The article below has been made available to Shareholder Forum participants with permission of the editor of Activism Monthly Premium, a private subscription publication of Activist Insight.

 

Source: Activism Monthly Premium, November 2015 lead article

www.activistinsight.com

Josh Black, Editor

jblack@activistinsight.com

How to protect your deal from an activist

Deals, deals, deals… and activism. Why companies shouldn’t be overly concerned about shareholders trying to wreck their big moment.

 

Deal-making isn’t what it used to be. Increasingly, the advisers corporate management teams and boards turn to when they announce a transaction are advising on how to deal with an activist showing up, and there is little chance of that threat receding. “In today’s environment every transaction comes under increased scrutiny, not just from activists but also from other shareholders,” says David Hunker, Executive Director at JP Morgan and head of the firm’s  activism defense practice. “The days when deals were decided on a handshake are gone.”

 

If activists are often seen as mostly pro-deal, there are a significant number of campaigns each year when the investors seek to hijack previously announced situations.
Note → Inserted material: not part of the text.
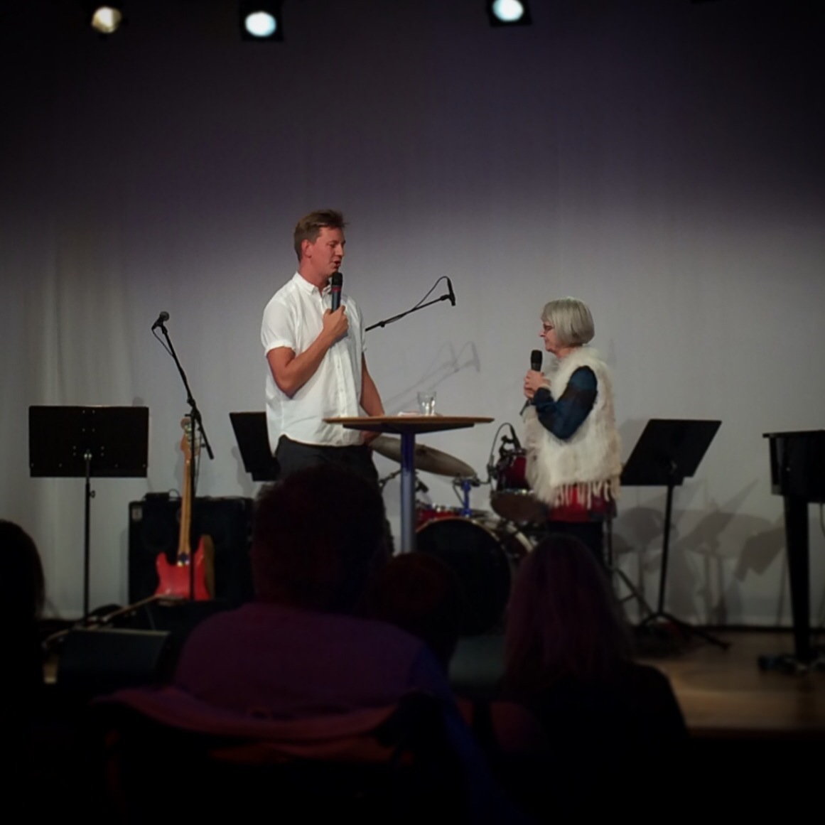 Men det som satte tonen för gudstjänsten, åtminstone för mig, var avtackningen av och intervjun med Samuel Hector, musikpastorn som ses sjunga i förgrunden på bilden ovan. Det är en sådan där högbegåvad person som syns och hörs i musiksammanhang på alla möjliga håll, men här är summan av kardemumman:

Activist Insight has tracked “reactive” campaigns opposing either the rationale or the terms of mergers or takeovers at 112 companies since the beginning of 2010, with the overwhelming majority (97) facing criticism on the terms of the deal, rather than the strategic basis.

 

 

“IF YOU ANNOUNCE A DEAL IN TODAY’S

ENVIRONMENT, YOU SHOULD HAVE A PLAN

READY IN CASE AN ACTIVIST EMERGES”

 

This year alone, Elliott Management has waged high profile campaigns at Samsung C&T—where it said fellow Samsung- group  company Cheil  Industries  was  underpaying—and Family Dollar Stores—where  a rival bidder had been frozen out of the auction process. Two years ago, Carl Icahn was railing against the leveraged buyout of Dell and Starboard Value publicly criticized Smithfield Foods over its planned acquisition by Shangui. All four examples highlight another key feature of so-called “deal activism”— they each completed, with only Dell adjusting its price to see off Icahn’s rival bid. As Sabastian Niles, of Wachtell, Lipton,  Rosen & Katz, the New York law-firm known for its corporate defense and M& A practice, says, “Value-creating deals continue to get identified, signed and done, regardless of activist intervention.”

 

How to prepare

 

“If you announce a deal in today’s environment, you should have a plan ready in case an activist emerges,” says Steve Balet, of the communications firm FTI Consulting. “You should also understand your shareholder base will change.” The acquirer will usually see its stock sink, while a target’s rises as arbitrageurs pile in. The first few days after a deal goes public are a treadmill of activity. During the “rollout,” a company and its advisers publish press releases, host conference calls, brief analysts, shareholders and reporters on the merits of the deal, and try to get the “story” widely heard before alternative viewpoints creep in. Gary Lutin, a former investment banker and now Chair of the Shareholder’s Forum, an advisory group, says economics should be foremost. “Focus on the real benefits of what you propose, and provide decision-makers with information they can trust,” he advises. “For example, an independent, peer-reviewed valuation is more likely to compel support from shareholders than a proponent-commissioned fairness opinion.”

 

“Issuers need to articulate the basis for value and deal rationale clearly, forcefully and consistently,” says Niles. “That also means focusing on the economic and, where relevant,    governance aspects of the deal to win the support of the proxy voting advisers.” Highlighting a robust process at board level—most comprehensively in the proxy statement if the deal requires shareholder approval—is critical, he suggests. And prudently structuring and protecting the deal, including by accelerating deal approval, regulatory and closing timelines, is also advisable.

 

When activists attack

 

“M&A activism requires a similar response to other forms of activism,” says Hunker. “It’s the same combination of theatre and politics on the activist side, and companies have to be able to sell the benefits of the deal.”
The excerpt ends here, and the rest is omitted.